To illustrate with an example, let us consider that A and B are two numbers that are represented in 2's complement format. The input A has m bits while the input B has n bits.

$$A = -A_{m-1}2^{m-1} + \sum_{i=0}^{i=m-2} A_i 2^i \tag{1}$$

$$B = -B_{n-1}2^{n-1} + \sum_{i=0}^{j=n-2} B_i 2^i$$
(2)

Then, the product P, which has m+n bits, can be written as,

$$P = A_{m-1}B_{n-1} 2^{m+n-2} + \sum_{i=0}^{m-2} \sum_{j=0}^{n-2} A_i B_j 2^{i+j} - \sum_{i=0}^{i=m-2} A_i B_{n-1} 2^{n-1+i} - \sum_{j=0}^{j=n-2} A_{m-1} B_j 2^{m-1+j}$$
(3)

The two subtractions in Equation (3) can be expressed as an addition of 2's complement numbers; thereby, the above equation can be realized with the help of all adders instead of subtractions.
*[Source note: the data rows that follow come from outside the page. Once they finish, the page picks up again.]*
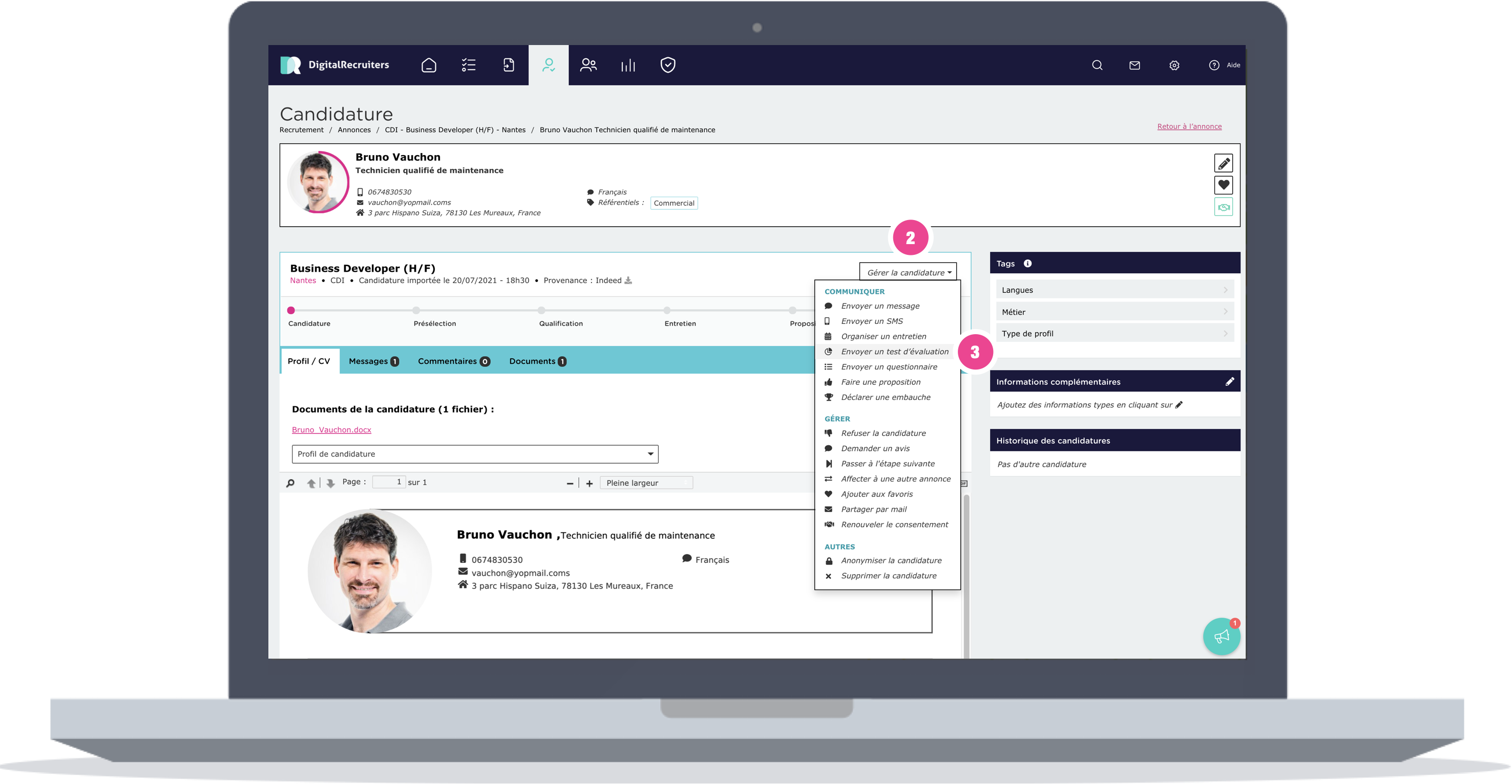 1. Allez sur le profil du candidat
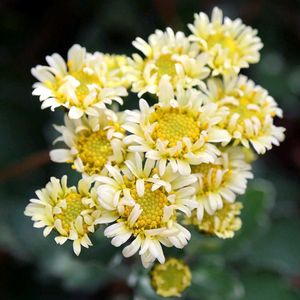 【ハナイソギク(花磯菊 )】 日本原産、キク科多年草 イソギク(自然種)とイエギク(栽培種)の自然交配種。 黄色い管状花と、白色または淡い黄色の小さな舌状花からなり、舌状花の大きさは様々。 葉の表面は白みを帯びた緑色で羽状に浅く裂けることが多い。 草丈:30-40cm 開花時期:10~12月 花色:白・黄色 ときわ公園@宇部市
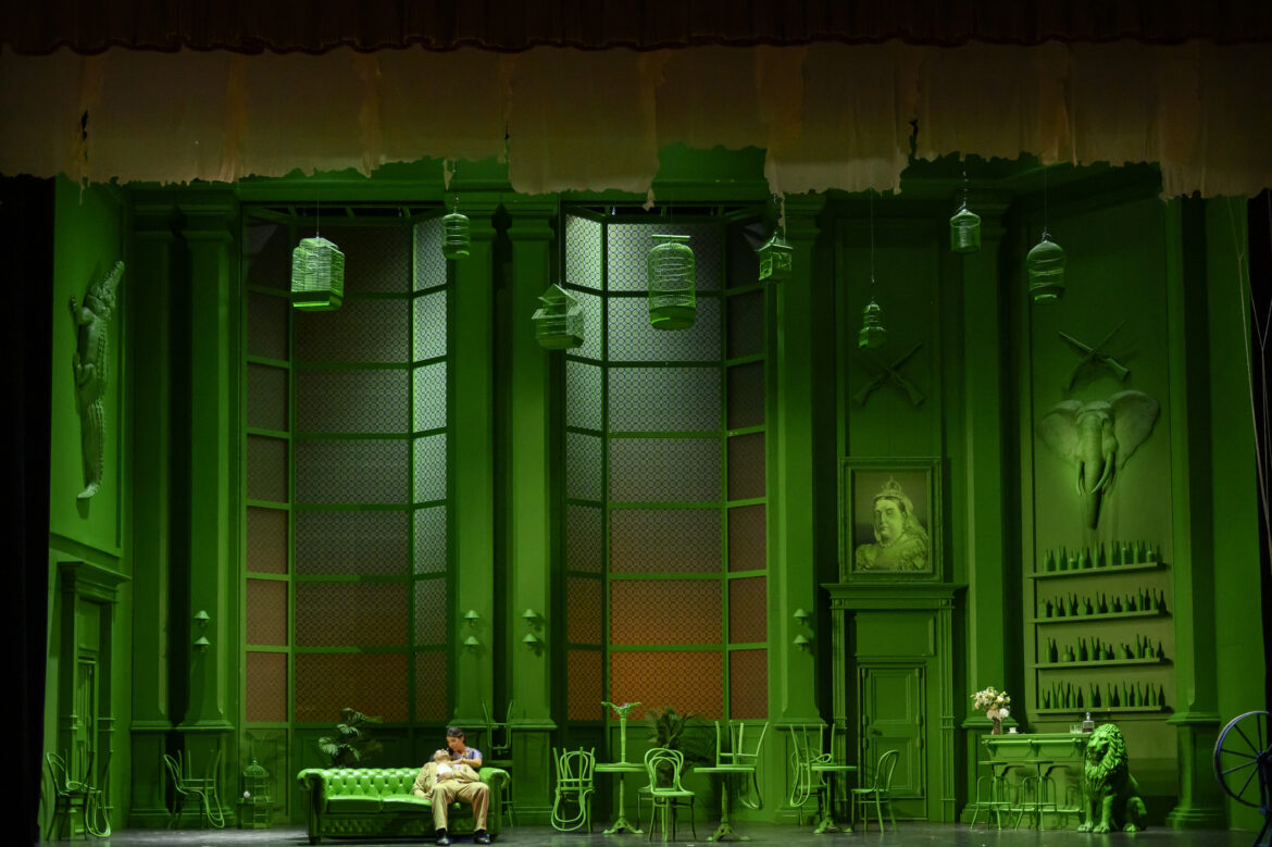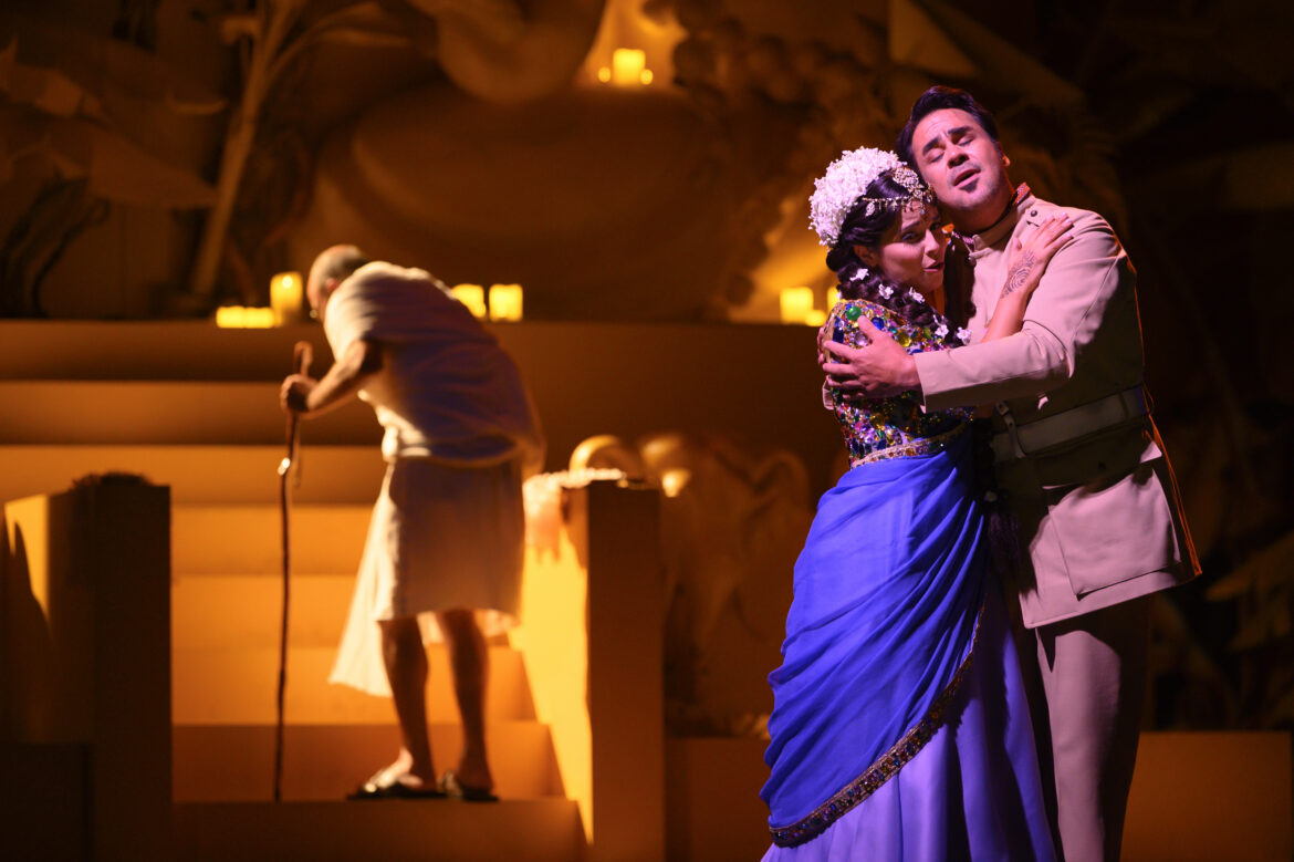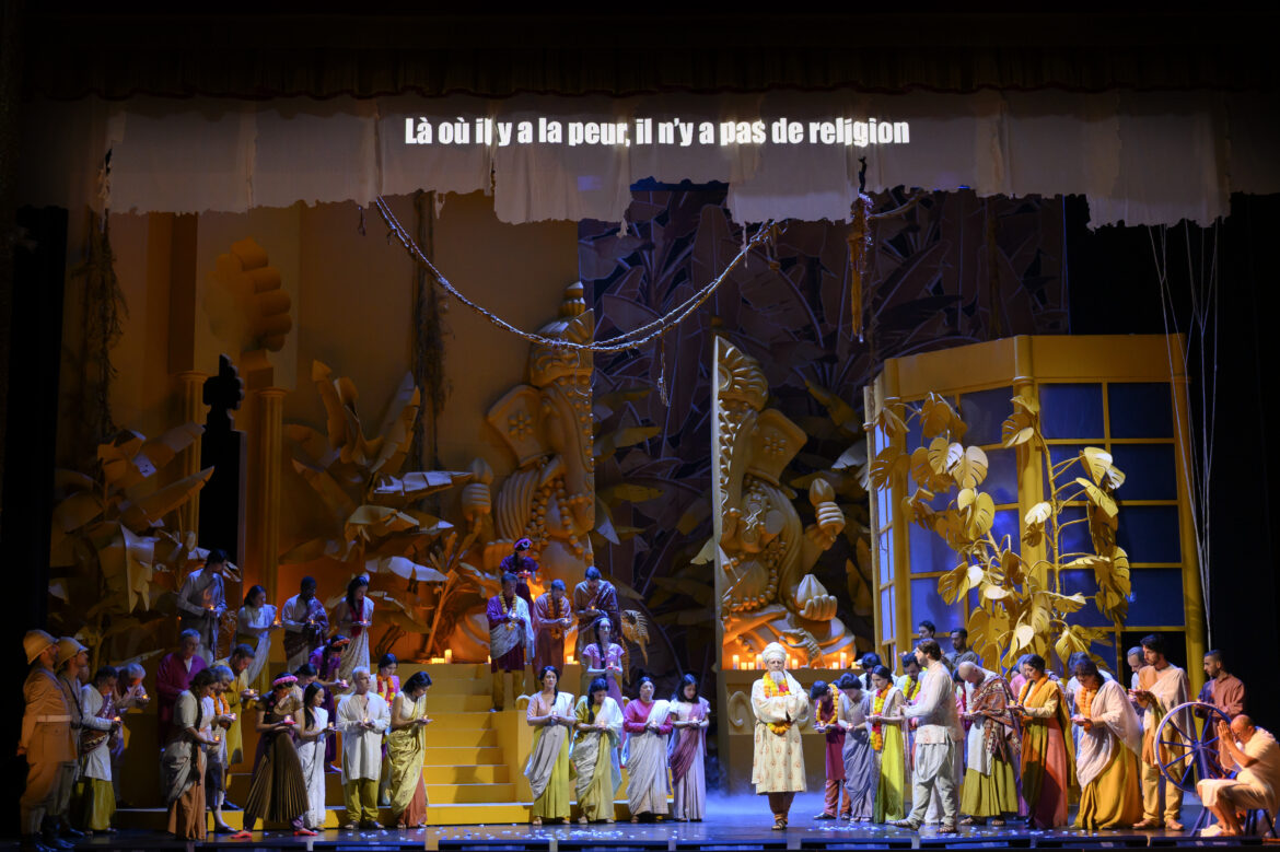 Colonialisme, patriarcat, violence des hommes, racisme : est-ce la présence de thématiques on ne peut plus débattues aujourd’hui qui permet à Lakmé d’acquérir une nouvelle visibilité sur les scènes internationales ? Quoi qu’il en soit, on sait gré au metteur en scène de ne pas avoir surligné à gros traits ces problématiques qui, pour importantes qu’elles soient, n’en deviennent pas moins un peu envahissantes  aujourd’hui sur les scènes d’opéras… Impossible bien sûr de faire l’impasse sur les questions liées au colonialisme et à la difficulté (l’impossibilité ?) pour deux cultures à ce point différentes de cohabiter pacifiquement, se respecter, s’apprivoiser : elles sont au cœur même de l’œuvre. Pour les aborder, le metteur en scène Davide Garattini Raimondi a fait un choix pour le moins original : il imagine que le jeune Gandhi assiste aux événements tragiques narrés par les librettistes Gondinet et Gille, et que les réflexions que ces événements feront naître en lui seront,  dans une certaine mesure, à l’origine de sa philosophie empreinte de tolérance et de pacifisme. Gandhi âgé est également présent sur scène : tout se passe comme si le vieil homme se remémorait cette histoire et la racontait aux enfants qui l’entourent, tout en leur transmettant les valeurs qui lui tiennent à cœur. Historiquement, l’idée est plausible (Gandhi est né en 1869, Lakmé est créée en 1883), mais elle aurait sans doute mieux fonctionné sans les projections insistantes de maximes gandhiennes (« Haïssez le péché, aimez le pécheur », « Là où il y a la peur, il n’y a pas de religion », « Il n’est pas nécessaire d’éteindre la lumière de l’autre pour que brille la nôtre »,…), le procédé, répétitif, s’avérant in fine lourdement didactique. La scénographie, imposante, alourdit également quelque peu le spectacle – surtout au premier acte, le troisième étant nettement plus réussi : le duo final des amants, de façon originale, se situe non pas en pleine forêt, dans une cabane  située « sous un arbre gigantesque et perdue dans les acacias roses, les daturas à double calice blanc, les tulipias jaunes », mais dans « un club house anglais typique » (dixit le metteur en scène) où Gérald et Lakmé ont trouvé refuge.
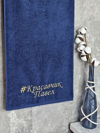 Полотенце с вышивкой 70*140 "красавчик" Павел темно-синее
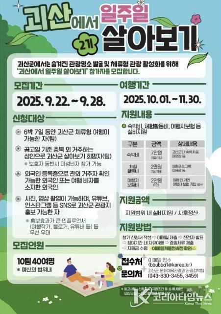 코리아타임뉴스 박찬식 기자 | 충북 괴산군은 오는 28일까지 ‘괴산에서 일주일 살아보기’ 참가팀을 모집한다고 22일 밝혔다.
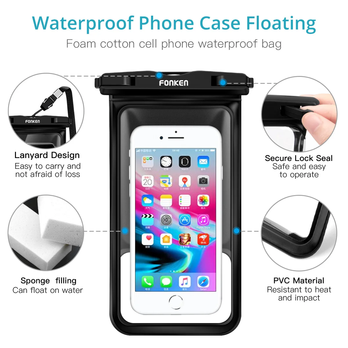 Comprar FONKEN-funda impermeable para teléfono, bolsa flotante para natación en el mar, bolsa seca para natación subacuática, bolsa flotante de esponja para teléfono inteligente de 6,5 pulgadas
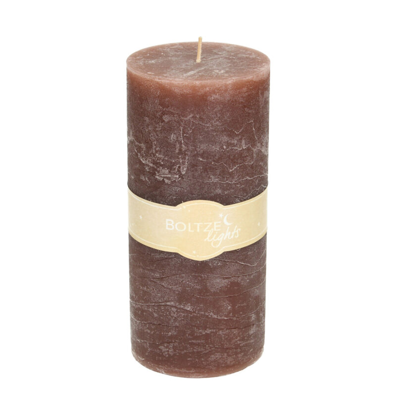 Dekoratívna cylindrická sviečka v tmavohnedej farbe.
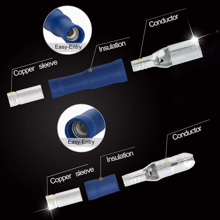 100pcs Bullet Connectors Male Female Kits 16 14awg Wire Connectors Blue Pvc Insulated Copper Core Quick Splice Bullet Butt Terminals Walmart Com
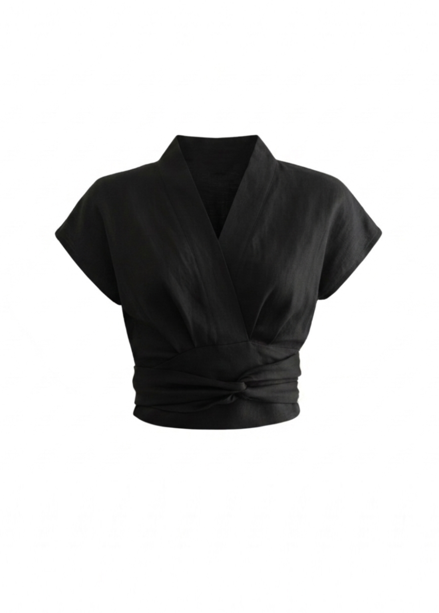 Укороченный силуэт в сочетании с глубоким V-образным вырезом подчеркивает линию шеи и декольте. Конструкция «на запах» позволяет регулировать плотность прилегания, а вшитый пояс надежно фиксирует топ.
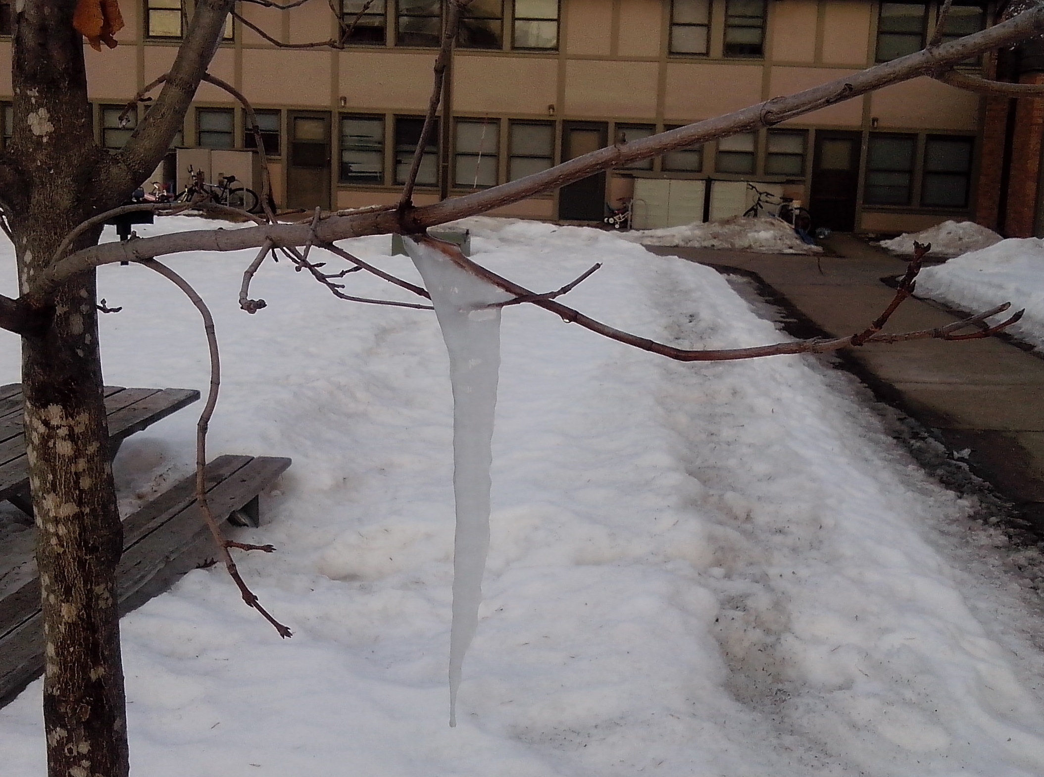 אבל בהחלט לא הכל רע, בעיקר למי שאוהב תופעות מזג אוויר, כמוני, החורף כאן מספק מאגר בלתי נדלה של תופעות מעניינות. הנה למשל ענף שאיתרע מזלו להשבר בחורף, והמים שזלגו מהגדם נאספו לנטיף

As in DSP processing, the multiplication process gets a greater share of up to 80% of computational capabilities, and plenty of architectures are devised to improvise the implementation features of Equation (3).

To understand the fixed-width multiplication, consider A and B as 8 bit wide. Hence, after multiplication, the product obtained will be 16 bits. In fixed width multiplier, only the upper 8 bit output is considered while truncating the lower 8 bits, which is shown in Figure 1.

As the least bits have much lower significance as compared with higher bits, truncating the LSB would result in a greater reduction in both hardware utilization and computational time. The product P for an 8 \* 8 signed fixed multiplier is given as:

$$P = MSB + LSB$$
$$\implies P = \sum_{i=n}^{i=2n-1} P_i 2^i$$
(4)

As the LSB part of the product is truncated to hardwired **'**0'.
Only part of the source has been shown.